In all four cases, there is a different behavior around $\dot{{\mathscr{M}}}$ = 3. For all cases, the ${\rm{\Delta }}{R}_{{\rm{H}}\beta }$ median is 0.09 for $\dot{{\mathscr{M}}}$ < 3 (or ${L}_{\mathrm{bol}}/{L}_{\mathrm{Edd}}$ < 0.2); however, the scatter is higher with a virial factor equal to 1. For the high accretion rate, the ${\rm{\Delta }}{R}_{{\rm{H}}\beta }$ median is 0.26 and 0.31 for $\dot{{\mathscr{M}}}$ and ${L}_{\mathrm{bol}}/{L}_{\mathrm{Edd}}$ and 0.61 and 0.50 for ${\dot{{\mathscr{M}}}}^{{\rm{c}}}$ and ${L}_{\mathrm{bol}}/{L}_{\mathrm{Edd}}^{{\rm{c}}}$, respectively. However, from Figure 2, we see that very low accretion objects have ${\rm{\Delta }}{R}_{{\rm{H}}\beta }$ > 0 for a virial factor anticorrelated with the FWHM. As we have shown in the previous section, we can represent the relation between ${\rm{\Delta }}{R}_{{\rm{H}}\beta }$ and accretion parameters by a linear fit in the whole log space without any break, which is supported by the Pearson coefficient and rms value. We do not see any evidence of a break around $\dot{{\mathscr{M}}}$ = 3, especially in the cases with a virial factor anticorrelated with the FWHM of Hβ.

The virial factor is one of the most important uncertainties in the black hole mass determination and accretion parameters, as is emphasized in Sections 5.1 and 5.2. According to Mejía-Restrepo et al. (2018), the virial factor f_BLR^c includes a correction for the orientation effect, then ${\dot{{\mathscr{M}}}}^{{\rm{c}}}$ would show an accurate estimation that is reflected in the scattering of the measurement, particularly when it is compared with the other parameters. However, their results are based on a Shakura–Sunyaev (SS) disk (Shakura & Sunyaev 1973), which is appropriate for their sample, where ∼90% of the objects show a low accretion rate, and they can be perfectly presented by an SS model disk (Capellupo et al. 2016). One-third of our sample shows a high accretion rate ($\dot{{\mathscr{M}}}$ ≳ 3) and, according to Wang et al. (2014c), in high accretors, the slim disk produces an anisotropic radiation field, which divides the BLR into two regions with distinct incident ionizing photon fluxes. Using the code BRAINS, Li et al. (2018) demonstrated that two-region model is better than a simple one for Mrk 142, a typical high accretor source. Therefore, the incident radiation flux and geometry are more complex in highly accreting AGNs. New spectral energy distribution models for the slim disk are required in order to get a better estimation of the virial factor for this kind of object.

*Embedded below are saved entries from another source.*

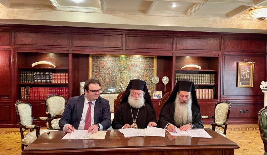 β) μεταξύ του Πατριαρχείου Αλεξανδρείας, της Γενικής Γραμματείας Θρησκευμάτων του Υπουργείου Παιδεία και των Γενικών Αρχείων του Ελληνικού κράτους, με σκοπό την υλοποίηση του έργου της απογραφής και του προσδιορισμού του αρχειακού υλικού του παλαιφάτου Πατριαρχείου και της εν συνεχεία ψηφιοποιήσεως αυτού.
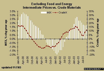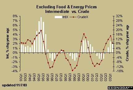 Prices of crude and intermediate materials excluding food and energy seemed to peak in early 2000 on a year over year basis. In the third and fourth quarters of 2000 and throughout 2001, price increases became smaller. Prices turned around in 2002, which reflects a turnaround in manufacturing activity more than it does a potential for accelerated inflation rates for finished goods. While price changes in the earlier stages of processing sometimes get passed along to the finished goods index, there are times when they don't.
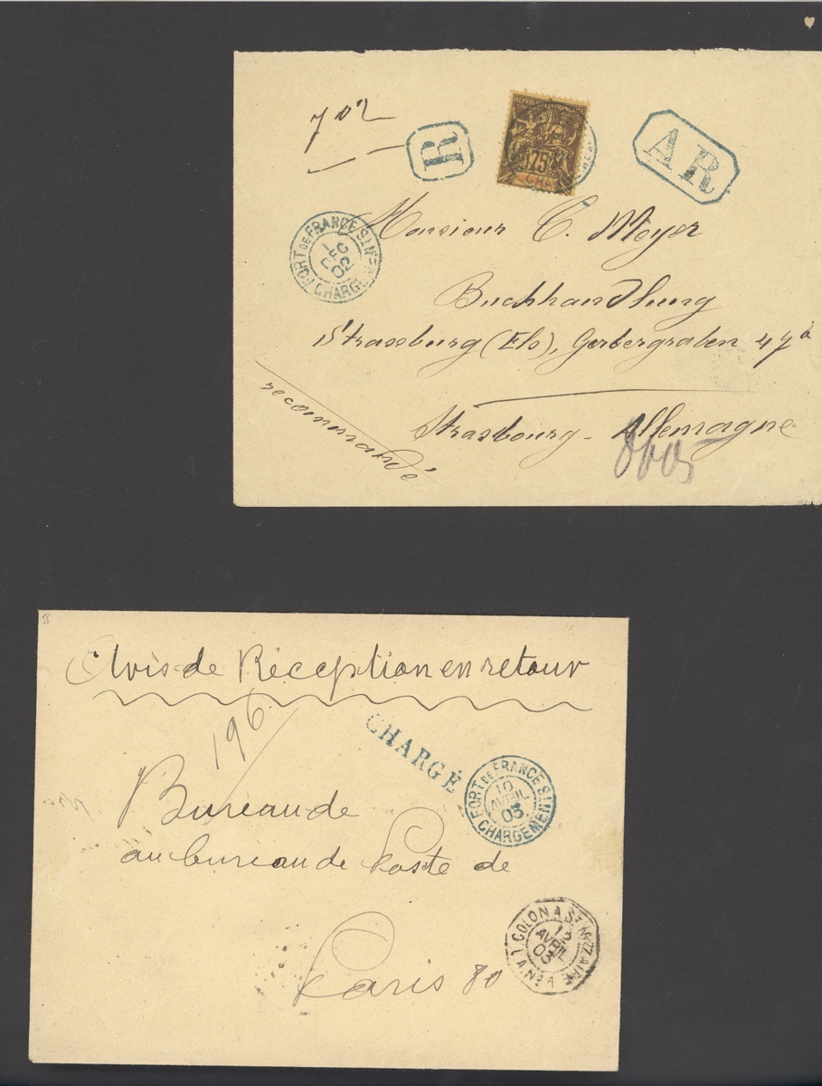 1902 (1 Dec.) "A.R." envelope to Germany franked 75c., 1903 (10 April) stampless envelope to Paris endorsed vis de Reception en retour, both with blue Fort de France datestamps; fine. Photo on our website
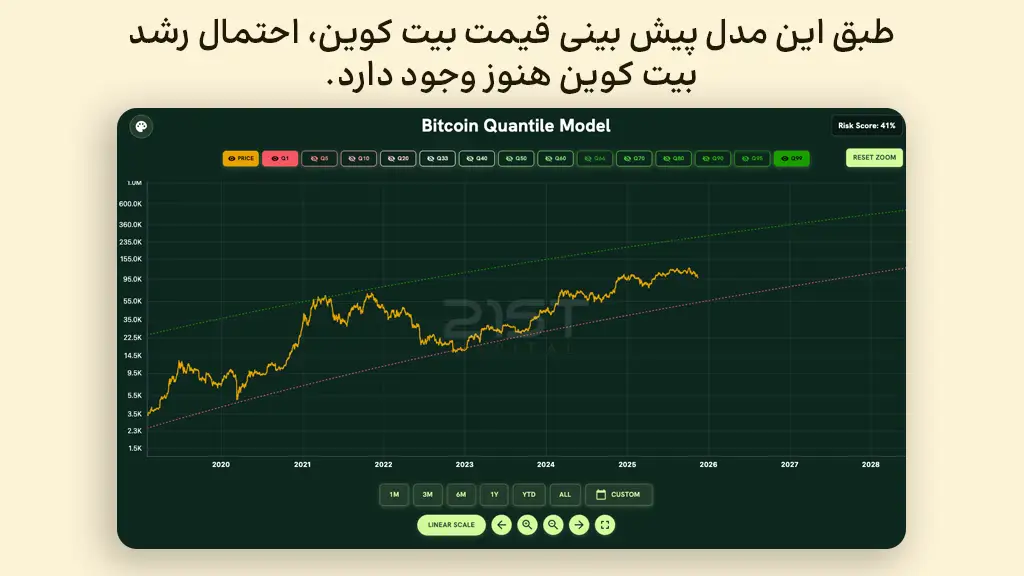 برای پیدا کردن بهترین زمان خرید بیت کوین، میتوانید به شاخصهای آنچین توجه کنید. مثلا طبق مدل Quantile بیت کوین، اکنون شاخص ریسک بیت کوین ۴۱ درصد است و احتمال رشد بیت کوین همچنان وجود دارد. این نمودار را میتوانید از وبسایت 21stcapital بررسی کنید. به عقیده اکثر فعالان بازار رمزارز، بهترین ارز دیجیتال برای سرمایه گذاری با پول کم بیت کوین است.
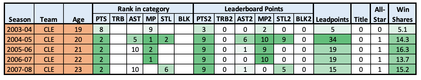 The source material: LeBron’s first five seasons 2003-04 to 2007-08
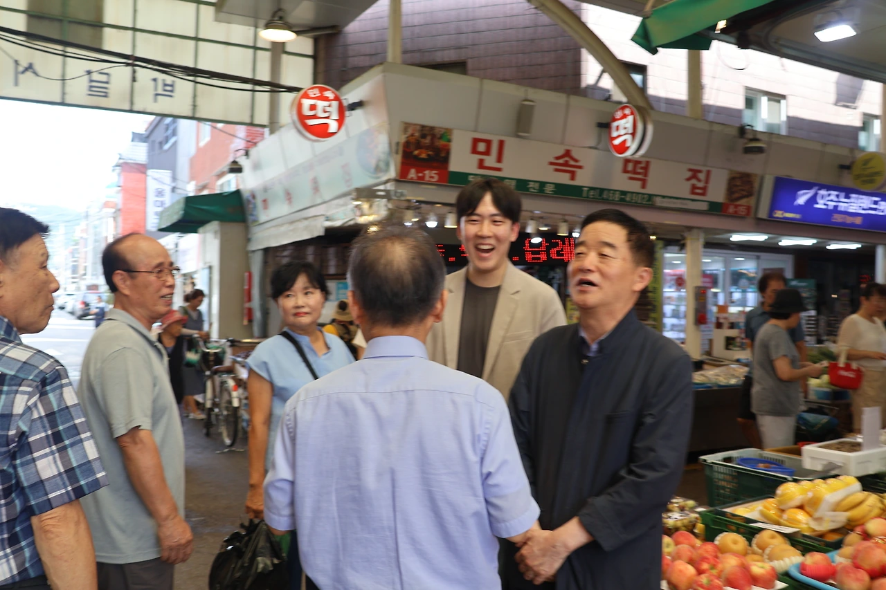 지난주 일요일 강득구 국회의원님과 윤경숙 안양시의원님과 함께 박달시장에 다녀왔습니다. 약간 흔들린 사진이지만 웃는 모습이 맘에 들어 공유합니다.
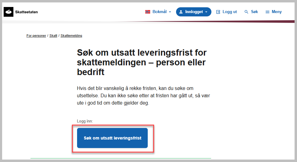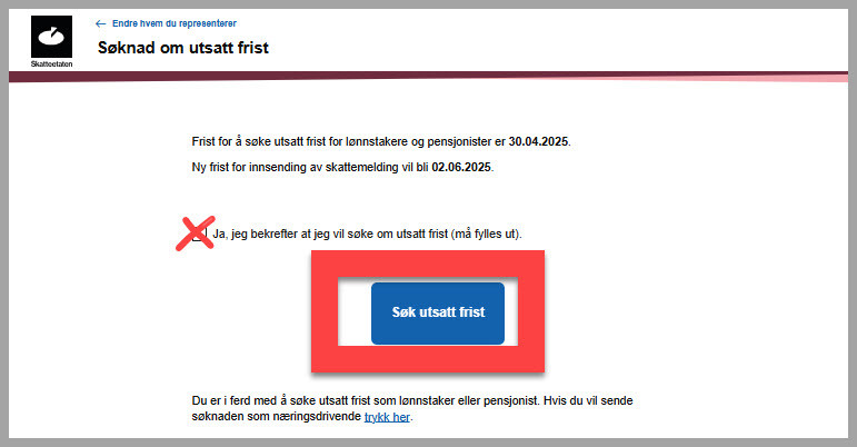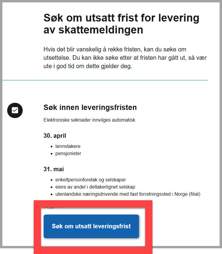 Hvis du trenger mer tid, kan du enkelt be om én måneds utsettelse, noe som automatisk innvilges. Her er stegene for å søke:
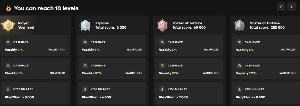 | Level | Daily Real Cashback | Weekly Real Cashback | Weekly Bonus Cashback | Points Requirement |
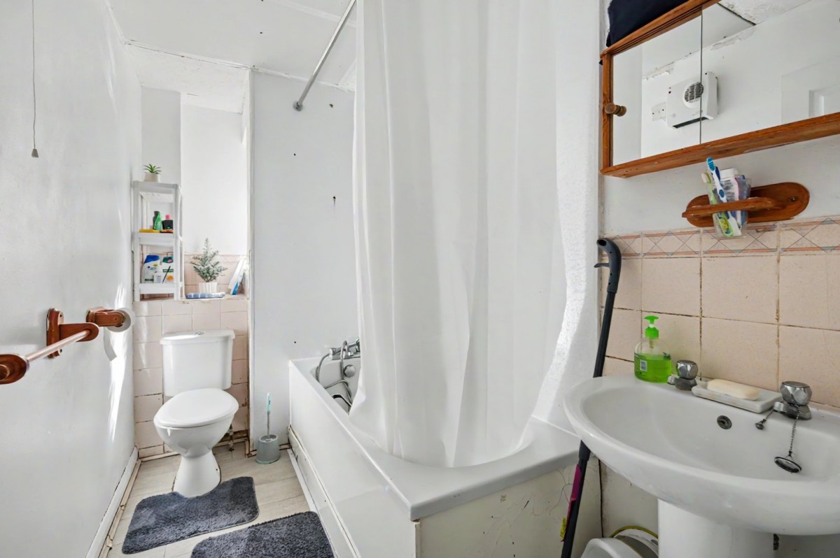 The property is accessed via its own entrance porch, leading into a welcoming hallway with useful storage cupboards. The main living space is a bright and spacious living/dining room, offering plenty of room for both relaxation and entertaining, enhanced by a large window allowing for excellent natural light. The kitchen is fitted with a range of wall and base units, work surfaces and space for appliances, positioned conveniently off the hallway and offering scope for modernisation if desired. There are two bedrooms, including a generous principal bedroom and a further well-sized second bedroom, ideal for guests, children or use as a home office. The accommodation is completed by a bathroom fitted with a suite including bath with shower over, wash basin and WC.
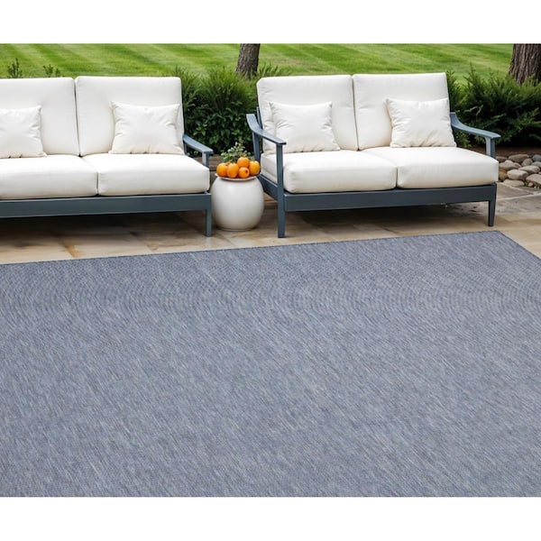 Navy Blue 9 ft. x 12 ft. Woven Abstract Polyester Rectangle Indoor/Outdoor Area Rug
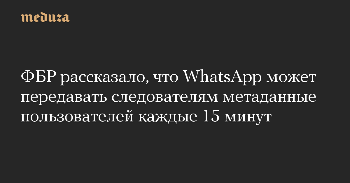 WhatsApp практически в режиме реального времени — каждые 15 минут — может передавать информацию об отправителе и адресате каждого сообщения в ответ на запрос на наблюдение. Из документа ФБР следует, что мессенджер в ответ на запрос будет передавать определенные метаданные, но не фактическое содержание сообщений. Представитель WhatsApp это подтвердил, отметив, что компания не раскрывает содержание переписки.
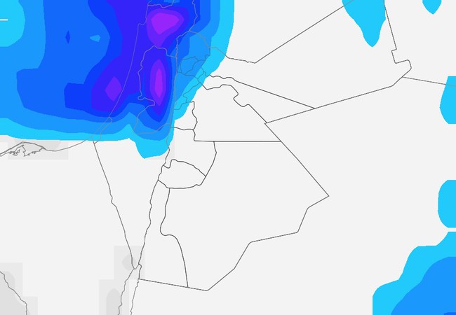 يوم الإثنين، تتأثر البلاد بإمتداد لمُنخفض جوي، بحيث توالي درجات الحرارة إنخفاضها لتُصبح دون مُعدلاتها السنوية العامّة، وتهطل "على فترات" زخات المطر مُترافقة بالرعد والبَرَد أحياناً، في شمال البلاد تمتد تدريجياً إلى أواسطها، بينما تمتد مع ساعات العصر إلى أجزاء من شمال النقب.
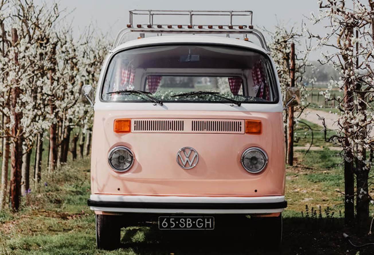 Onze Miss Peach is een bijzondere Volkswagen T2 bus uit 1972 in een zachte perzikkleur. Met haar vrolijke en elegante uitstraling trekt ze overal de aandacht en brengt ze meteen een glimlach op ieders gezicht.
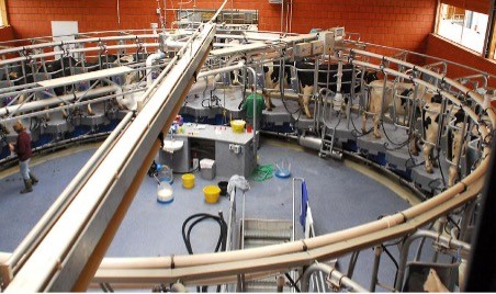 Auf dem Schönberger Hof leben rund 300 Milchkühe, 200 Jungrinder und 100 Mastbullen. Zweimal pro Tag wird jede Kuh in einem Melkrondell mit 30 Plätzen gemolken. Eine Kuh gibt pro Tag 35l Milch. Die Milch gelangt in eine Molkerei im Umkreis.

Studies of large quasar samples showed that the continuum amplitude of the variability is anticorrelated with the Eddington ratio (Wilhite et al. 2008; MacLeod et al. 2010; Simm et al. 2016; Rakshit & Stalin 2017; Li et al. 2018; Sánchez-Sáez et al. 2018). Here F_var measures the excess of variability above the noise level and can be used as an estimator of this effect. As we showed in the previous section, ${\rm{\Delta }}{R}_{{\rm{H}}\beta }$ is anticorrelated with the dimensionless accretion rate and Eddington ratio. In Figures 3 and 4, we show the change of F_var along the relation ${\rm{\Delta }}{R}_{{\rm{H}}\beta }$–$\dot{{\mathscr{M}}}$ and ${\rm{\Delta }}{R}_{{\rm{H}}\beta }$–${L}_{\mathrm{bol}}/{L}_{\mathrm{Edd}}$ using different virial factors. In all cases, the minimum F_var at 5100 Å values tends to be associated with the highest $\dot{{\mathscr{M}}}$ (and ${L}_{\mathrm{bol}}/{L}_{\mathrm{Edd}}$) and smallest ${\rm{\Delta }}{R}_{{\rm{H}}\beta }$ values.